En tal caso no habría lugar a la imposición de la multa, siempre y cuando se presentara el desistimiento dentro del término legal de los 20 días que se conceden para la sustentación del recurso. De otra parte, la procuradora judicial también contaba con la posibilidad de que previamente al vencimiento del término, adujera una razón atendible para no poder sustentar el recurso, pero al no realizarse tal actuación en el sublite, indiscutiblemente se produjo un desgaste innecesario de la administración de justicia. Así pues, al ser incuestionable que la finalidad perseguida con la “multa” que contempla el mencionado artículo 49 de la Ley 1395 de 2010, es la de evitar el uso irracional del aparato judicial, sancionando para ello “… la abusiva o irresponsable utilización de los medios de defensa judiciales…” (Sentencia C - 203/11 Corte Constitucional), de suerte que se garantice el cumplimiento de los principios de celeridad y eficiencia en las actuaciones judiciales, y en estas condiciones no hay lugar a la revocatoria de la misma. b) DE LA NULIDAD Las nulidades son vicios de carácter excepcional, en que puede incurrirse durante el trámite del proceso, que impiden su continuación. Por ese motivo son taxativas y solo pueden invocarse sobre los hechos y por las causales previa y expresamente contempladas en la ley.
En ese orden, solo pueden proponerse las nulidades previstas en el artículo 140 del Código de Procedimiento Civil, aplicable al rito laboral por expresa remisión del artículo 145 del Código Procesal del Trabajo y la Seguridad Social. Adicionalmente, se admite que puede invocarse la nulidad constitucional prevista en el artículo 29 superior, que es la causal a la que precisamente acude la incidentante.
Pues bien, al respecto sea lo primero señalar, que la imposición de la multa consagrada en el artículo 49 de la Ley 1395 de 2010, para aquellos casos en lo cuales se omite la presentación de la demanda de casación dentro del término de Ley, no configura una manifiesta vulneración del principio constitucional denominado el “debido proceso”, que consagra un conjunto de garantías que protegen al ciudadano y que apuntan a asegurar una recta y cumplida administración de justicia. En desarrollo de tal principio, la ley ha impuesto una multa para el caso de darse el incumplimiento del deber procesal que tiene el apoderado de la parte que recurre en casación, de sustentar el recurso extraordinario en término. En efecto, el artículo referido dice en relación con el recurso de casación: “…Si la demanda no reúne los requisitos, o no se presentare en tiempo, se declarará desierto el recurso, y se impondrá al apoderado judicial una multa de 5 a 10 salarios mínimos mensuales…”.

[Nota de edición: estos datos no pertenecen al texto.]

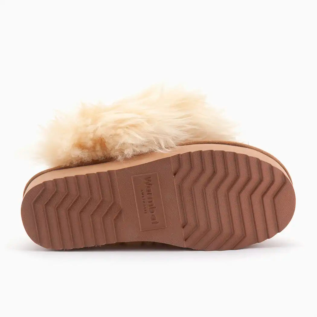 De stevige plateauzool biedt extra hoogte en een trendy look, terwijl de flexibele zool voldoende grip biedt voor veilig gebruik binnenshuis. De Wagga pantoffels zijn perfect voor wie luxe zoekt, zonder in te boeten op comfort en stijl.

(Subrayas fuera del texto). Sobre esta norma la sentencia C-203 de 2011, sólo declaró inexequible la expresión “…no reúne los requisitos…”, siendo constitucional la multa por el otro motivo. Debe recalcarse entonces, que en el sub lite, el recurso de casación no fue declarado desierto por razón de que la demandada no reuniera los requisitos de ley, sino por no haberse sustentado en tiempo.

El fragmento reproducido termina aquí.